Operating in the near vacuum of space, ion engines shoot out a propellant gas much faster than the jet of a chemical rocket. They deliver about ten times as much thrust per kilo of propellant used. The ions that give the engines their name are charged atoms, accelerated by a choice of electric guns. If the power comes from the spacecraft's solar panels, the technique is called 'solar-electric propulsion'.
Ion engines work their magic in a leisurely way. As solar panels of a normal size supply only a few kilowatts of power, a solar-powered ion engine cannot compete with the whoosh of a chemical rocket. But a typical chemical rocket burns for only a few minutes. An ion engine can go on pushing gently for months or even years - for as long as the Sun shines and the small supply of propellant lasts.
In 1998, NASA launched a demonstration spacecraft called Deep Space 1, which flew by a near-Earth asteroid and went on to intercept a comet. ESA's SMART-1, with much less chemical boost, has gone only as far as the Moon. But it has served to demonstrate more subtle operations of the kind needed in distant missions.

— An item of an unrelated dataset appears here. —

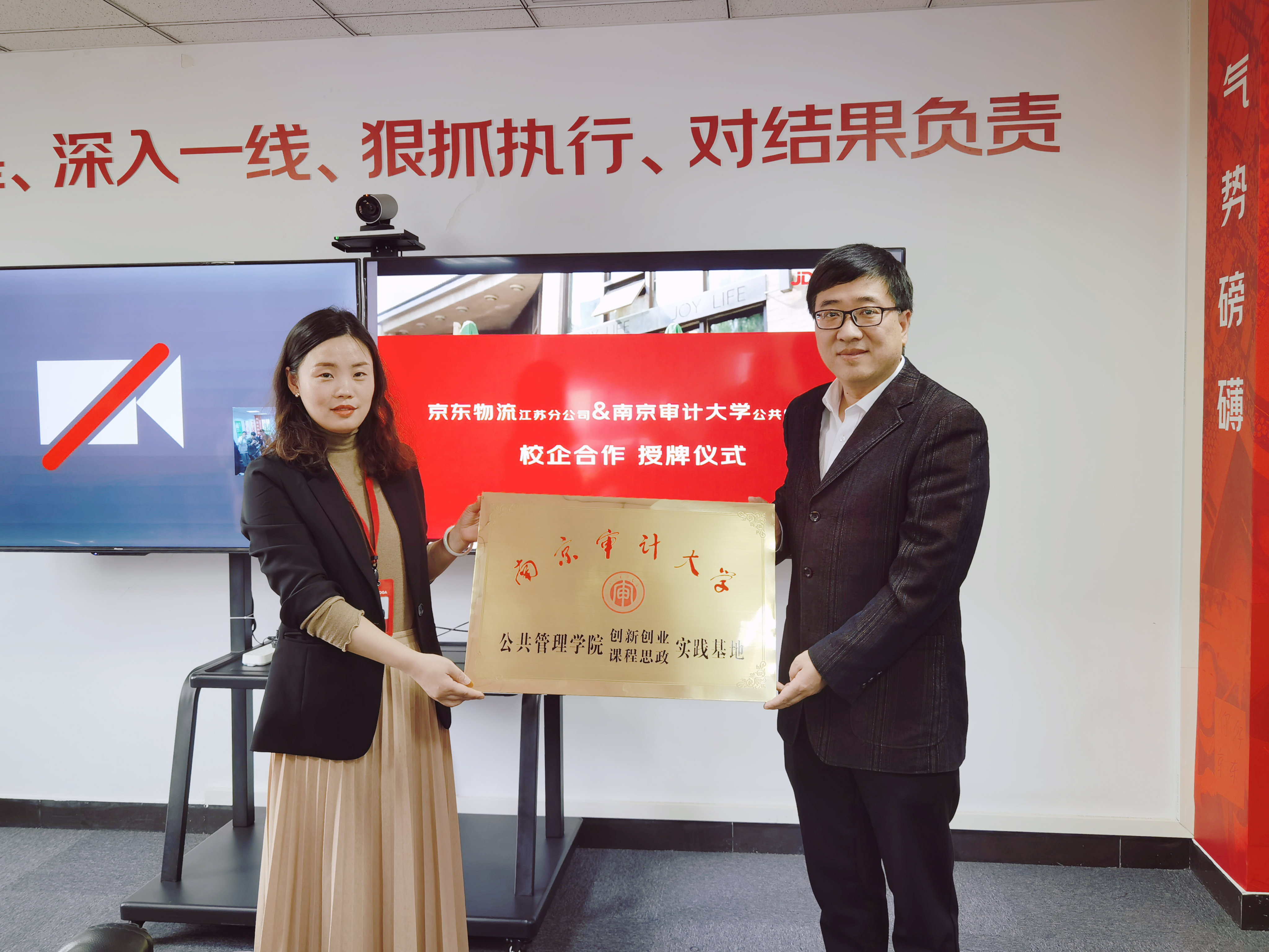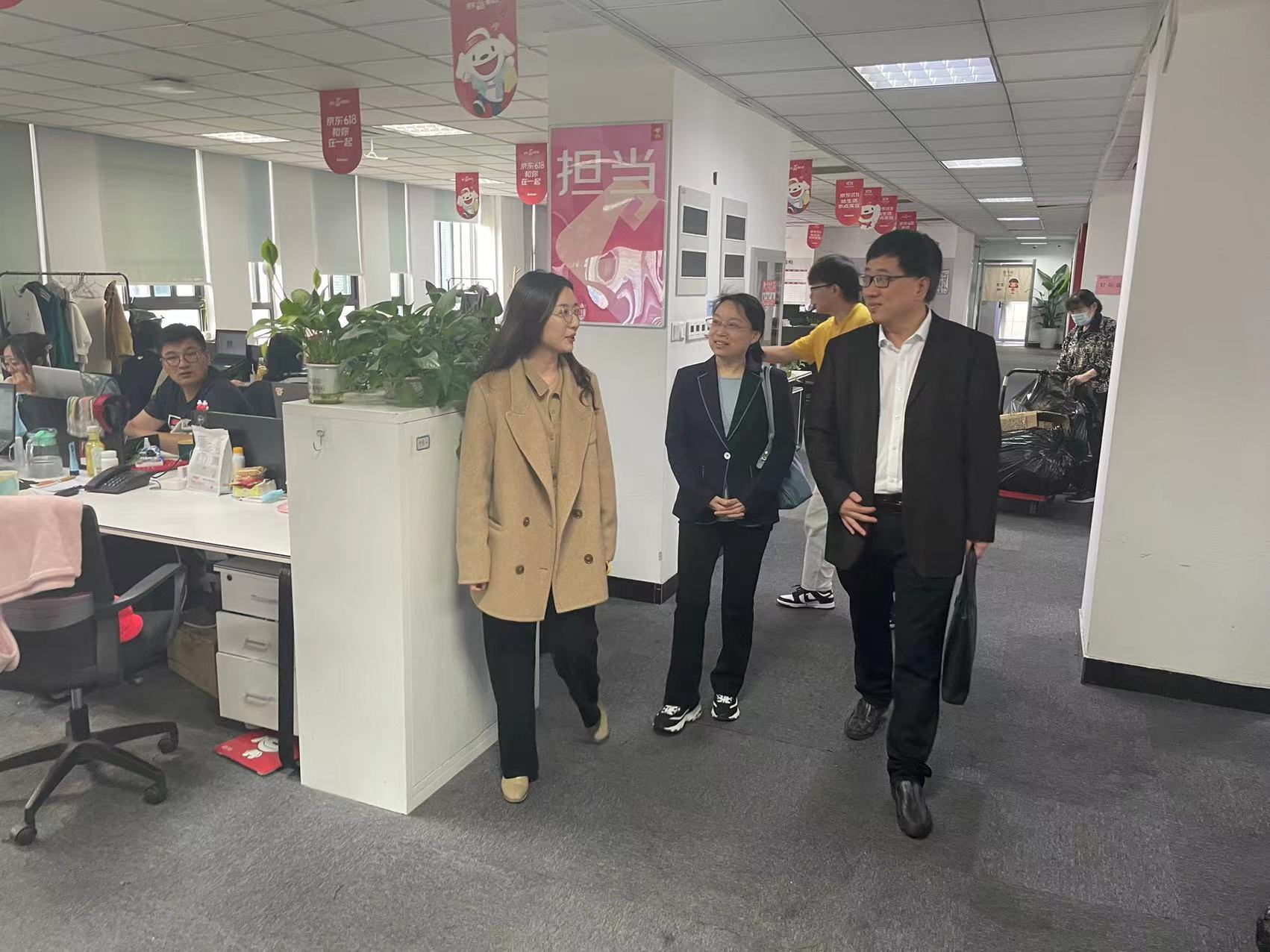 4月28日,公共管理学院党委副书记、副院长汪建昌、行政管理专业系主任杨钰、学院教师鹿斌一行赴京东物流江苏分公司开展访企拓岗活动。京东物流江苏分公司人力资源部总监殷小平、人力资源部员工关系经理万小青、人力资源部人才发展经理张华、人力资源部招聘经理王先凤出席活动。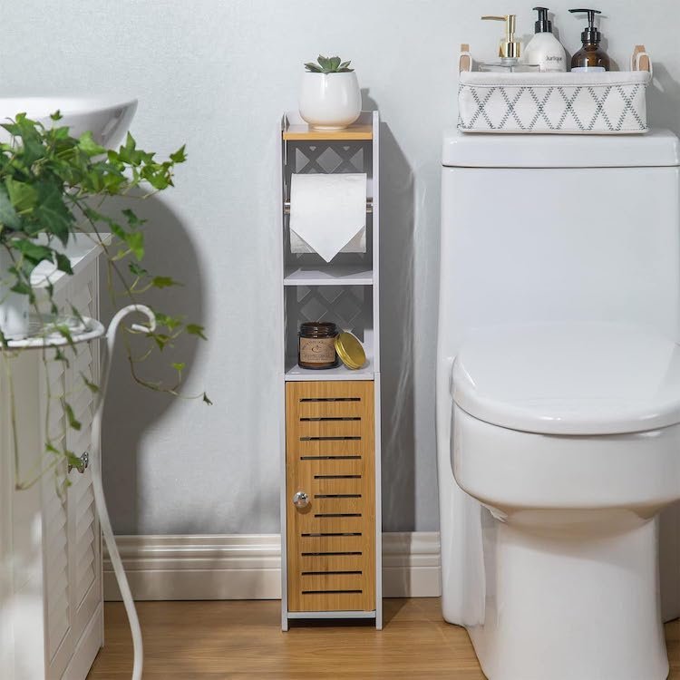 Sick of storing your toilet paper far away from where you need it most? This slim cabinet fits into even the tiniest places, providing you with both a toilet paper stand and storage. There’s even a small shelf inside to fit a candle or spray, for those…ahem…longer bathroom trips.Â

These will combine solar-electric propulsion with manoeuvres using the gravity of planets and moons.
By Sun power towards the Sun
SMART-1 looks set to ensure Europe's competence in the use of electric propulsion, and its independence in this 21st century space technology of the 21st Century.

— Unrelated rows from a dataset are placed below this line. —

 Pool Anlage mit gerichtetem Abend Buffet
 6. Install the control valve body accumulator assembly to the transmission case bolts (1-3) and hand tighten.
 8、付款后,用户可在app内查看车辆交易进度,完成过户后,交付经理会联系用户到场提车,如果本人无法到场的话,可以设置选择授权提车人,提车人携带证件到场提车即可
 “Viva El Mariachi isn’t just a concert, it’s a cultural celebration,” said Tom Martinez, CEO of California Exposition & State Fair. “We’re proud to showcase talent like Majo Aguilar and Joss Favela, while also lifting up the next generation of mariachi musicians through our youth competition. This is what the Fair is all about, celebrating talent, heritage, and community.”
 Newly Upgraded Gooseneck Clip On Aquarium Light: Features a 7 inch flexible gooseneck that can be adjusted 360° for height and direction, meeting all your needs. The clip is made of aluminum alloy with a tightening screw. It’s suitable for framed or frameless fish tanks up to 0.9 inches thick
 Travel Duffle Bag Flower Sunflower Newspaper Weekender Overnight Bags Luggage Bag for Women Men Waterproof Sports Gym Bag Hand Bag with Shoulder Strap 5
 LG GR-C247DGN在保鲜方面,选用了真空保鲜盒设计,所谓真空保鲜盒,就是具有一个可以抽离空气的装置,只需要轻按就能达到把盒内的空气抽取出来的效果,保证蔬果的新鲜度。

BepiColombo, ESA's future mission to the innermost planet Mercury, near to the Sun, will use ion engines to speed it on its way.
The Solar Orbiter, which will swoop even closer to the Sun for close-up views, will use the same type of ion drive as BepiColombo.
Other space science missions are expected to use ion engines for complex manoeuvres in the vicinity of the Earth's orbit, including LISA, a mission that which will detect gravitational waves coming from the distant Universe.